==== Recorded data
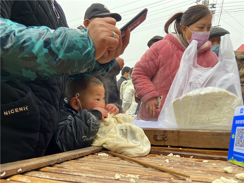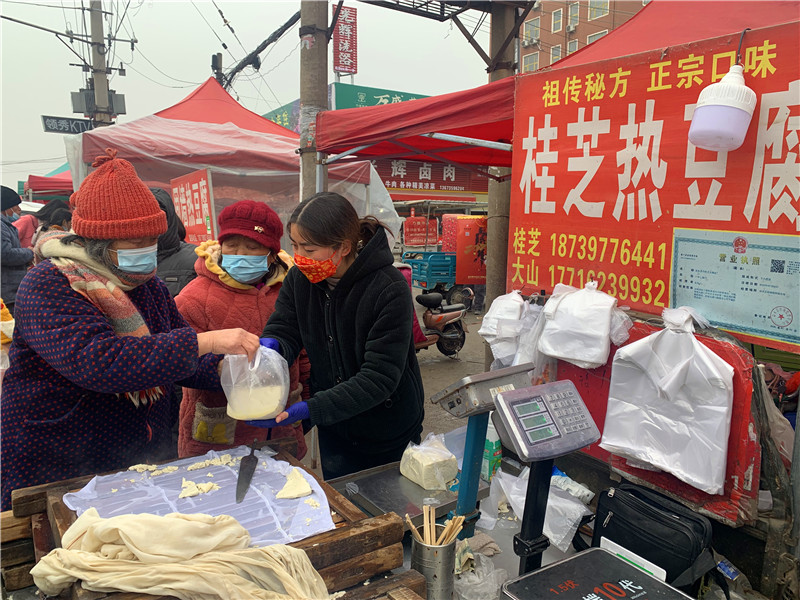 在固墻鎮(zhèn)的集市上,“桂枝熱豆腐”攤位前的顧客絡(luò)繹不絕?!敖o我來50塊錢的豆腐”“我要20斤,先給我切豆腐吧”“我要30斤,多少錢”……人群將豆腐攤里三層外三層圍了起來,從人群外朝里看看不見豆腐,只看到豆腐攤里冒出來的團(tuán)團(tuán)熱氣。“等了半個小時了,剛才那一盒豆腐沒輪到我就賣完了,這才搶到手?!备浇拇迕駰畲鬆斈弥鴦傎I的豆腐高興地說。“我從鹿邑來的,姐姐在里面擠著買豆腐,我在這兒等她呢?!?歲的張家瑞說,她每年放寒假都會和家人一起到固墻來探親,過年的時候逛逛集市,順便買些豆腐帶回鹿邑。
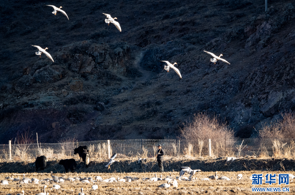 这是11月26日在西藏拉萨市林周县境内拍摄的斑头雁。新华网 旦增努布 摄
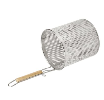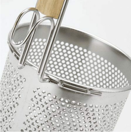 سلة مصفاة طعام من الفولاذ المقاوم للصدأ مع خطاف ومقبض خشبي
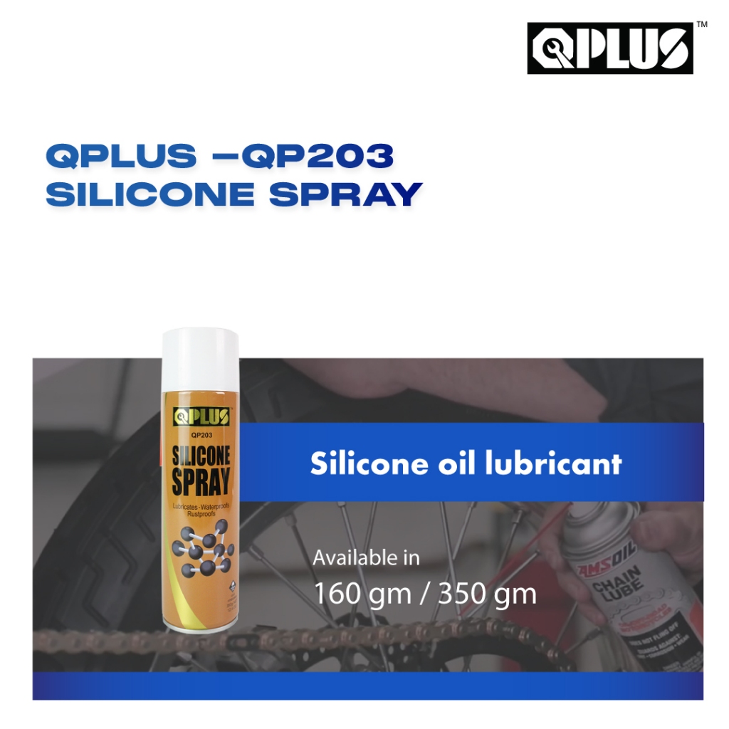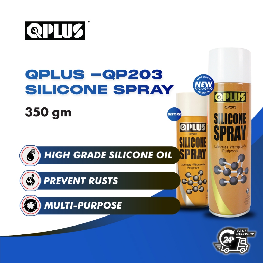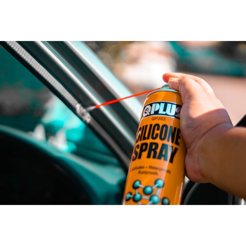 QPlus QP203 Silicone Spray (350g) | Multi-Purpose Dry Lubricant & Protectant for Metal, Plastic, & Rubber Surfaces
========
With the pictures omitted, write out exactly the lines from the one that contains "这是11月26日在西藏拉萨市林周县境内拍摄的斑头雁。新华网 旦增努布 摄" through the final line of the material above, both ends included.

§ **Answer for the task**:
 这是11月26日在西藏拉萨市林周县境内拍摄的斑头雁。新华网 旦增努布 摄
 سلة مصفاة طعام من الفولاذ المقاوم للصدأ مع خطاف ومقبض خشبي
 QPlus QP203 Silicone Spray (350g) | Multi-Purpose Dry Lubricant & Protectant for Metal, Plastic, & Rubber Surfaces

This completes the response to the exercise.